Nice tests today. Weatherman was way off. Temp well into the 60's. Hope he's wrong about the snow for tomorrow.


John


----------



## Bryan Manning (May 22, 2005)

hey John do you have the callback's? Thank's


----------



## Sue Kiefer (Mar 4, 2006)

Look luck to all especially to my baby "Mr. Remus";-) 
Sue


----------



## golden boy 2 (Mar 28, 2005)

4th series open

5 dogs left

6
9
15
41.......Jake
49


----------



## Judy Chute (May 9, 2005)

..... Go "Jake" !!!!


----------



## Annette (Mar 21, 2004)

Go Jake Go!!!!!


----------



## Sue Kiefer (Mar 4, 2006)

#15 Go Littleman!!!!!!!!!
Sorry Jake.
This was my baby.;-) And this is his 1st Open.
Sue


----------



## golden boy 2 (Mar 28, 2005)

4 dogs finished

I think................Howley won it and Jake got 3rd, 4th place had a handle


----------



## 3blackdogs (Aug 23, 2004)

Open won by Jess Bentley with Mercy, John Stracka's dog. Don't know the rest.


----------



## golden boy 2 (Mar 28, 2005)

Judy, put the beer down!!! Only 4 dogs finished. So there would not be any jams. 

Jake got 3rd

Other golden news, Jake was doing good in the Am. Lucy, Gracie and Babe were out.


----------



## Judy Chute (May 9, 2005)

...guess I'll go get a beer, so I can put it down..LOL 

Thanks, Mike.. Hope "Jake" does well in the AM... so great to see him back 

Edit...to Congratulate!! (again  ..) Andy, John, Jeff...and "Jake"!! 

Judy


----------



## Sue Kiefer (Mar 4, 2006)

Yeh "Remus" got the 4th.!!!!!!
He turned 3yrs. on the 18th and this was his 1st Open.
Stupid geese screwed him up on his water marks.:roll:
Sue


----------



## Croat (Nov 21, 2008)

I saw 3 dogs out of 5 finish the Open.


----------



## Mark Leahy (Apr 27, 2008)

I can see how that happen. I train there all the time and geese come over all the time.


----------



## Strongline Retrievers (Jun 24, 2005)

Congratulations to Jess Bentley....aka Jess Bentover...aka Jess Brantley... on his first open win.... Your roommate is proud of ya lil buddy....


----------



## Jason E. (Sep 9, 2004)

Any derby results ?


----------



## Guest (Mar 29, 2009)

Plus it's Gassner's training grounds. I mean, what did you expect?
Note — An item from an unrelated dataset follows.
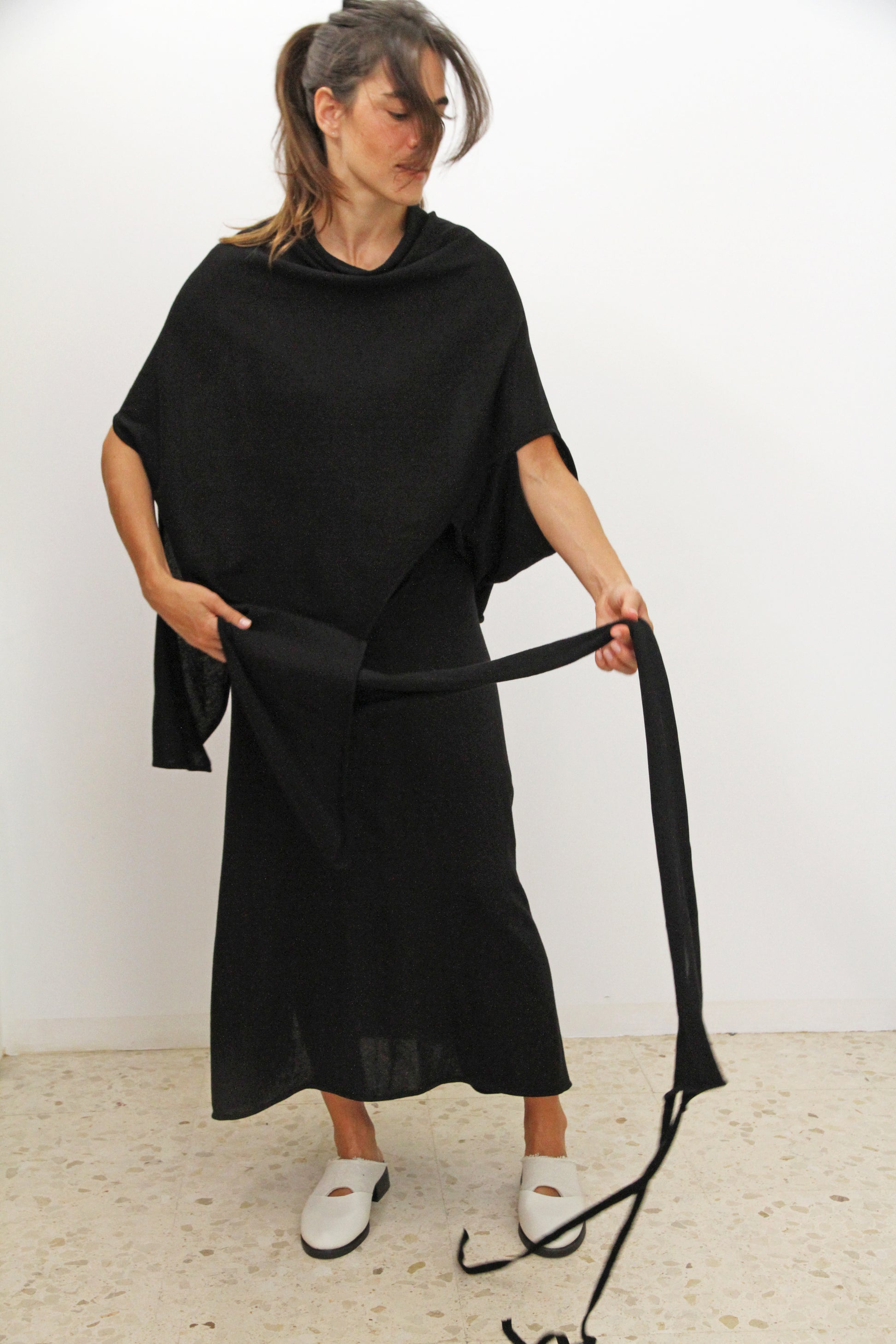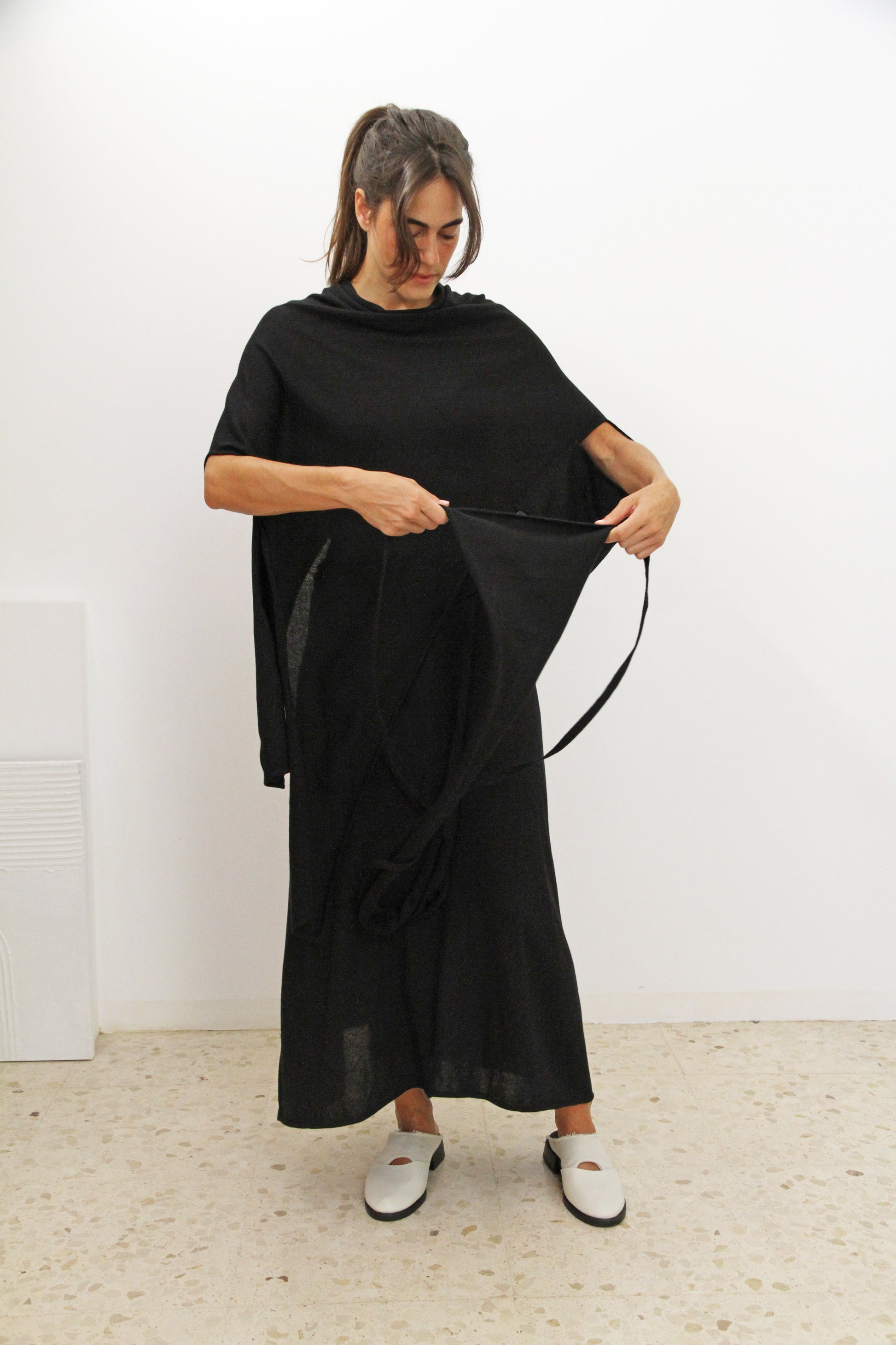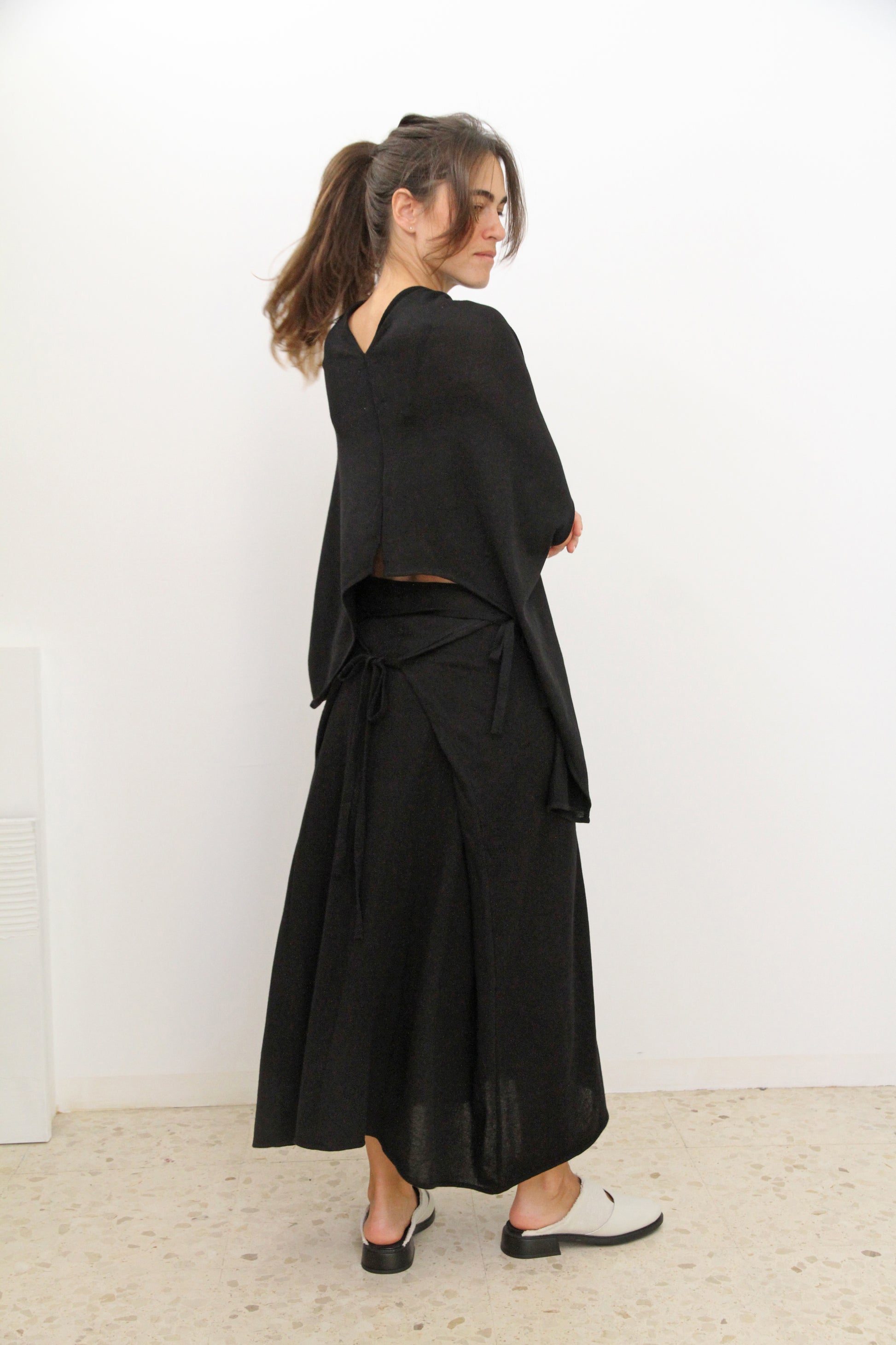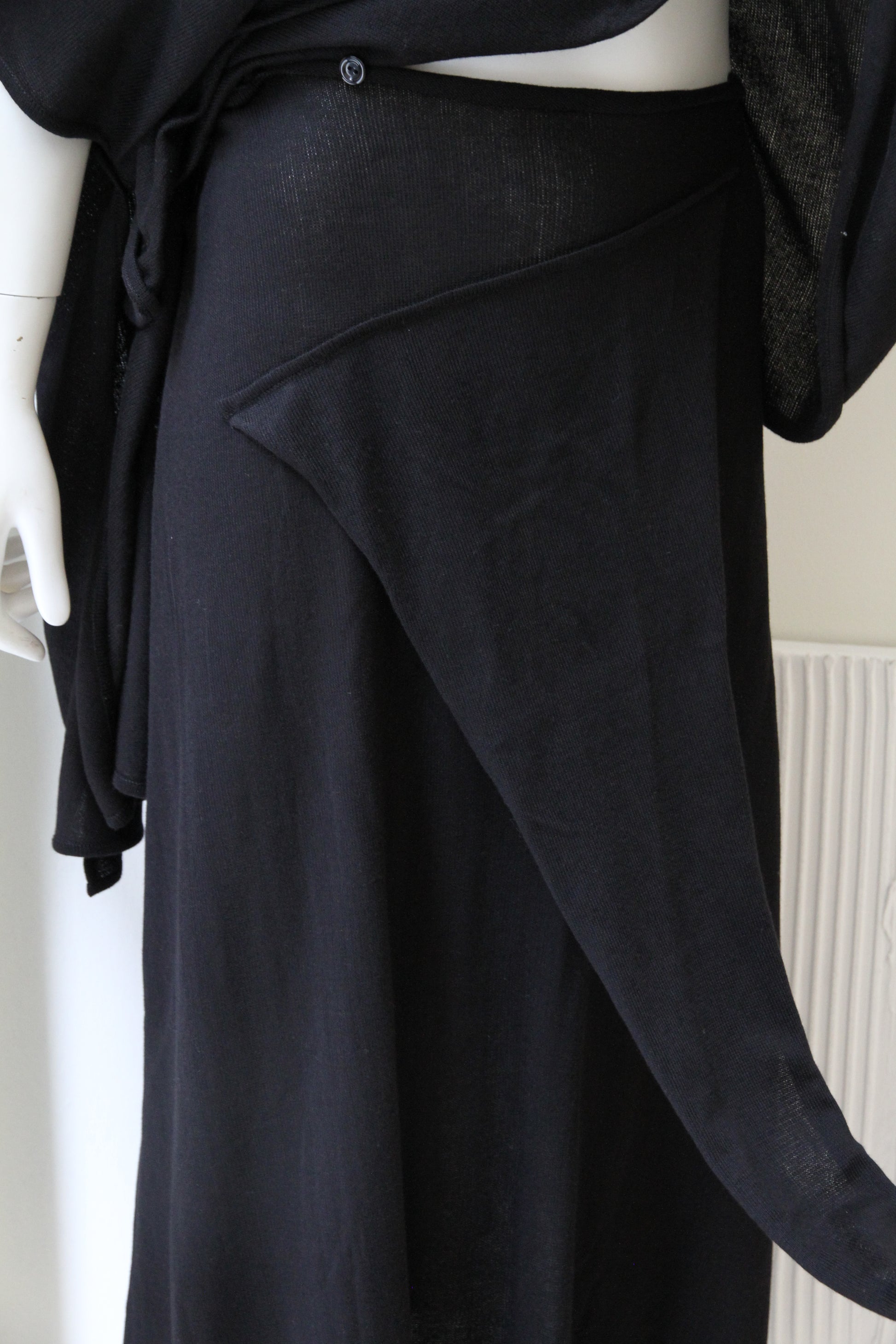 Traje oversize de punto. Pantalón-falda (puedes arreglarlo tú mismo) y top asimétrico.

ps If anyone takes that seriously, I will have to do some major a$$ kicking.


----------



## Steve (Jan 4, 2003)

Melanie Foster said:


> Plus it's Gassner's training grounds. I mean, what did you expect?
> 
> ps If anyone takes that seriously, I will have to do some major a$$ kicking.


Gassner trains???? I thought he was Andy's PR agent.


----------



## AmiableLabs (Jan 14, 2003)

Congratulations to everyone.

Did anyone see Junbe at the trial?

I was wondering if he is headed home yet?


----------



## stevelow (May 13, 2004)

Congratulations to Jake, Andy and John, and his breeder, Jeff Buikema, from his "nephew", Pilot. It is great to see Jake back in the game!


----------



## Annette (Mar 21, 2004)

Congratulations Jake,John,and Andy from Casey and Marie


----------



## John Gassner (Sep 11, 2003)

AmiableLabs said:


> Congratulations to everyone.
> 
> Did anyone see Junbe at the trial?
> 
> I was wondering if he is headed home yet?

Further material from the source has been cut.